Mass Shootings Are Contagious, ASU Professor Says

Mass Shootings Are Contagious, ASU Professor Says
Elizabeth Stuart

In Aurora, Colorado, last week, jurors headed to the courtroom to hear death-penalty arguments for a man convicted of shooting up a movie theater in 2012. In Lafayette, Louisiana, 59-year-old John Russell Houser open fired on the audience during a showing of Trainwreck, killing two people and injuring nine others.

Was Houser, who then committed suicide, inspired by the media coverage of the earlier crime?

“I think that, unfortunately, we’ll never know exactly what he was thinking,” says Sherry Towers, a research professor at the Simon A. Levin Mathematical, Computation, and Modeling Sciences Center at Arizona State University.

Towers has determined, however, that mass killings and school shootings are contagious.

For an average of 13 days after a shooting with four or more victims, the probability that another shooting will occur is heightened, Towers argues in a new paper published in the journal PLOS ONE. About 20 to 30 percent of mass killings happen during these infectious periods.

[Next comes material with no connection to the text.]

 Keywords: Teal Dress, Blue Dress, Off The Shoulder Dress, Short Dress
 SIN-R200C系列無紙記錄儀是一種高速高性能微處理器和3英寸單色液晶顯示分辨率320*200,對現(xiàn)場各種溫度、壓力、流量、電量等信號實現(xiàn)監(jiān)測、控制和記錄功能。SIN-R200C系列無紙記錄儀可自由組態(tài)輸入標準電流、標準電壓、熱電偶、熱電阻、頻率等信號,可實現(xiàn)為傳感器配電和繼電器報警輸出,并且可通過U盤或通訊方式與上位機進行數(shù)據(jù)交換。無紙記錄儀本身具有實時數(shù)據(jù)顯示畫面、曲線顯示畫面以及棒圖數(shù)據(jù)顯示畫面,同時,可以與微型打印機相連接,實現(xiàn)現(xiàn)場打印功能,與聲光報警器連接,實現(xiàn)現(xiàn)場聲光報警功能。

In general, violent crime in the United States is on the decline. But, according to a recent FBI analysis, the number of shooters aiming to kill a large number of people in a public space has increased in recent years. On average, a mass shooting occurs approximately every two weeks.

Towers decided to look into the issue after a student shot and stabbed someone in the Purdue University cafeteria while she was on campus for a meeting, she says. It was the third school shooting to make the news in a week.

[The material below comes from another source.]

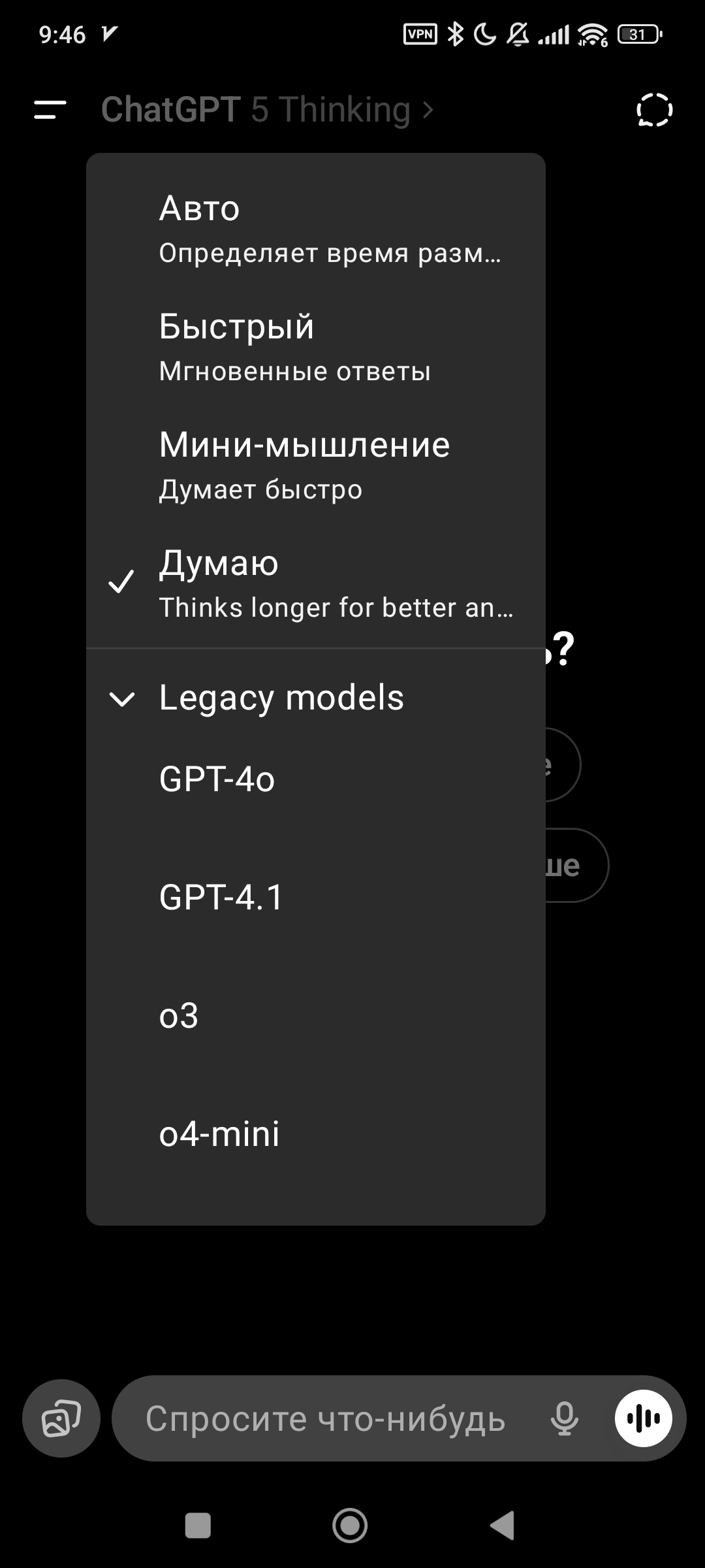 Да, я про модель, которая долго думает. Сейчас для задач пригодна только она. Обычная пятерка вообще не вывозит.

“I wondered: Could that be more than a coincidence?” she says.

Previous studies have found that media reports of suicides appear to increase the incidence of suicide by planting the “seeds of ideation in at-risk individuals,” she says.

Towers estimates that mass shootings spread for similar reasons.

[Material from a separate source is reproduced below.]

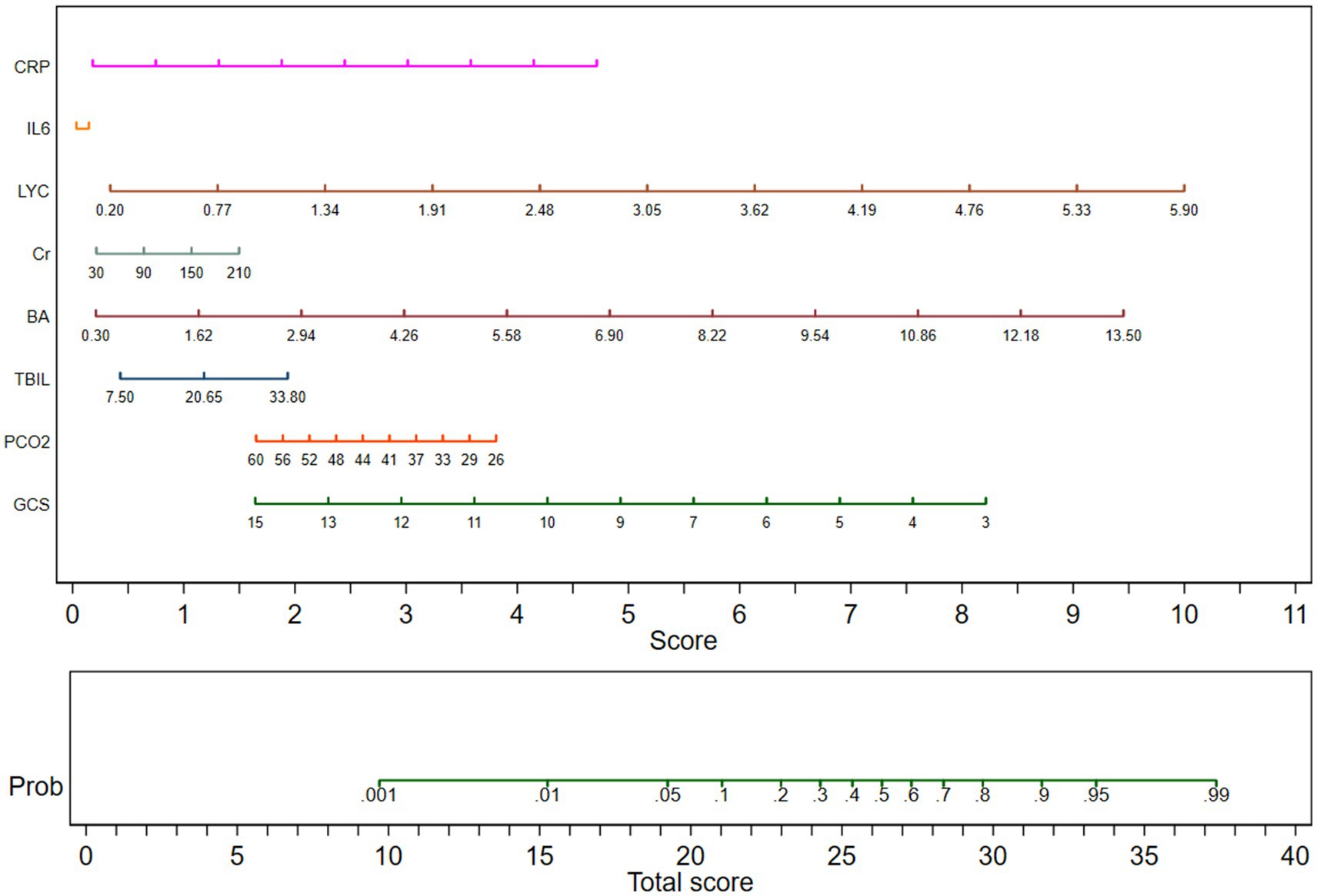 Figure 2. Column chart for multiple factor regression analysis in TBI patients. GCS, Glasgow Coma Scale; PCO2, partial pressure of carbon dioxide; TBIL, total bilirubin; BA, bile acid; Cr, Creatinine; LYC, lymphocyte count; IL-6, Interleukin-6; CRP, C-reactive protein.

“The motivations of a run-of-the-mill criminal are different from the type of person who goes into a public place to shoot as many people as possible,” Towers said. “Clearly, mental health is a factor.”

In an attempt to curb the spread of suicide, the Society of Professional Journalists, in its ethics code, instructs news outlets to “be cautious about reporting suicides that do not involve a public person or a public place.”

Towers doesn’t endorse muzzling the media. But, she says, her research should be a point of ethical consideration.

“I’m not sure what the solution is,” she says. “One the one hand, I’m sure people would like to know if there has been a mass shooting in the area. On the other hand, there is this danger that people who are vulnerable might get an idea to do something terrible.”

Media coverage is just one of many factors behind the country’s mass-shooting problems, she says.

Her analysis also found a significant correlation between higher per capita rates of gun ownership and higher per capita rates of mass shootings.

“This is complex,” she said. “It’s going to require a lot more study.”